Frankenheimer was born on February 19, 1930, in Melba, New York. His father was a German Jewish stockbroker, while his mother was Irish Catholic. Frankenheimer was raised in the Catholic faith and received his education at LaSalle Military Academy, a Catholic military school. After graduating from LaSalle in 1947, Frankenheimer entered Williams College. By this time, he had developed an interest in acting and studied drama. Frankenheimer earned his B.A. degree from Williams in 1951.
Became Involved in Production
When Frankenheimer completed his education at Williams, the Korean War was underway. He served in the U.S. Air Force between 1951 and 1953. It was during this time that Frankenheimer became interested in the production of film and television and lost his interest in acting. He became attached to the film squadron that was based in California where he learned about production. Frankenheimer loved working with cameras, often taking some home on the weekend to learn more about them. Deciding to become a filmmaker, Frankenheimer produced some documentary shorts.
While still in the Air Force, Frankenheimer had his first experiences as a director. He had been writing for a local series in Los Angeles called either Harvey Howard's Ranch Roundup or The Harry Howard Ranch Hour (sources vary) that aired on KCOP. When the show's director was unable, he was forced to make his debut as director. The show featured cows and the rancher Howard. Despite his inexperience, Frankenheimer was kept on as director for three more months, until the show was taken off the air by the Federal Communications Commission.
Early Work in Television
When Frankenheimer's tour of duty in the military was completed, he decided to pursue his goal of directing. Returning to the East Coast, Frankenheimer was hired as an assistant director for CBS-TV in New York City. This was the era of live television and television plays.
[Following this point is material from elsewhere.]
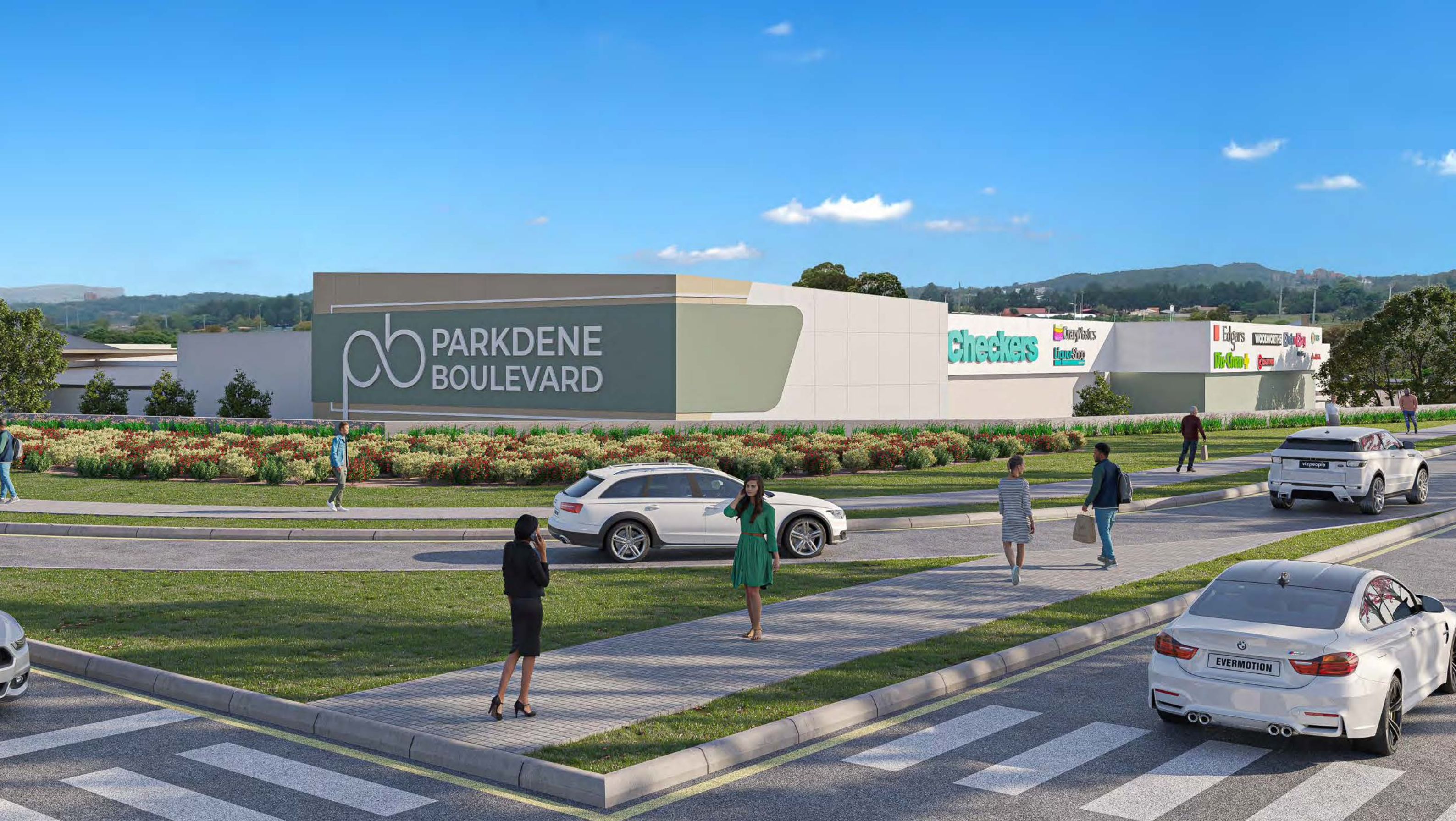
09 artist impression view from intersection

Between 1953 and 1954, Frankenheimer was the assistant director on shows such as Person to Person, The Garry Moore Show, and You Are There. Frankenheimer did the work of a cinematographer as well, by setting up shots in the control room for the director.
When Sidney Lumet, the director of You Are There, left the show to begin a film directing career in 1954, Frankenheimer was promoted to director. While Lumet went on to have a solid film career, Frankenheimer also made the most of his opportunity. He built a significant career directing live television plays that received much praise from critics and audiences alike.
While directing over 150 television plays for series like Climax, Ford Startime, Buick Electra Playhouse, Playhouse 90, and other anthology series, Frankenheimer worked with a number of accomplished actors, as well as future stars. They included Claudette Colbert, Ingrid Bergman, John Gielgud, and Paul Newman. Some of the more famous episodes that Frankenheimer directed were "The Snows of Kilimanjaro" and "Journey to the Day."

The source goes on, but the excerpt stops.